- _TASK GOAL_
Return, exactly as written, the lines of the material from its top through the line with "Die Armbanduhr dieser", keeping pictures out.

- _PROVIDED INFORMATION_
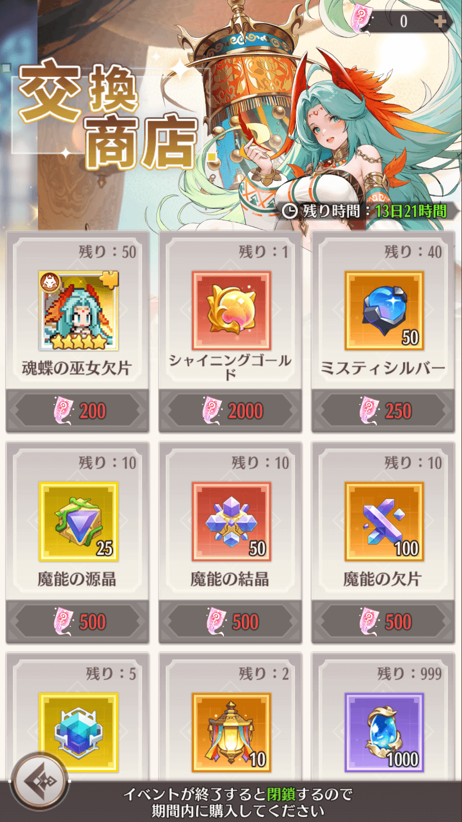 1、期間限定専属至高召喚で「魂蝶の巫女・リア」を召喚できます。召喚を行うと必ずイベント交換商店の通貨を獲得できます。イベント交換商店の通貨で「魂蝶の巫女・リア」の欠片、「魂蝶の巫女・リア」の専用武器の素材などを交換できます。イベント交換商店の通貨はイベント終了後に消えます。
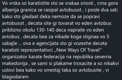 Си платиле за да напикаат 130-140 деца во еден автобус и да ги носат на карате натпревар со соседна Албанија! Родители на децата за Инфомакс вечат дека организацијата е на Карате федерација на Македонија, а трошоците си ги плаќале децата сами, односно нивните родители, за на крај да им се случи тоа што се случи.
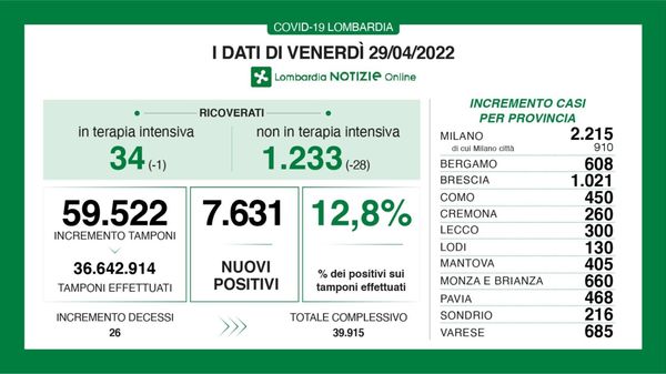 Coronavirus I dati di venerdì 22 aprile in Lombardia.
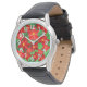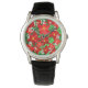 Die Armbanduhr dieser Männer hat ein Weihnachtsdesign von Poinsettias, die auf einem Feld von grünen Streifen verteilt sind.
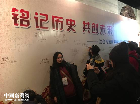 在剛剛獲批為遼寧省對臺交流基地的“九·一八”歷史博物館,同學們看到了上百幅真實的歷史照片及慘無人道的刑罰工具,通過講解員的敘述了解中華民族浴血奮戰(zhàn)、不屈不撓的抗戰(zhàn)史,引起了臺灣青年們強烈的共鳴。在隨后的沈臺兩地青年學生勵志簽名活動中,在場的兩岸大學生紛紛在印有“銘記歷史,共創(chuàng)未來”的長卷上留下“懷一顆心,念我千古華夏人,勿忘國恥”“振興中華,共創(chuàng)和平”“期盼和平長存”等勵志簽名,表達共同心聲。

- _YOUR SOLUTION_
 1、期間限定専属至高召喚で「魂蝶の巫女・リア」を召喚できます。召喚を行うと必ずイベント交換商店の通貨を獲得できます。イベント交換商店の通貨で「魂蝶の巫女・リア」の欠片、「魂蝶の巫女・リア」の専用武器の素材などを交換できます。イベント交換商店の通貨はイベント終了後に消えます。
 Си платиле за да напикаат 130-140 деца во еден автобус и да ги носат на карате натпревар со соседна Албанија! Родители на децата за Инфомакс вечат дека организацијата е на Карате федерација на Македонија, а трошоците си ги плаќале децата сами, односно нивните родители, за на крај да им се случи тоа што се случи.
 Coronavirus I dati di venerdì 22 aprile in Lombardia.
 Die Armbanduhr dieser Männer hat ein Weihnachtsdesign von Poinsettias, die auf einem Feld von grünen Streifen verteilt sind.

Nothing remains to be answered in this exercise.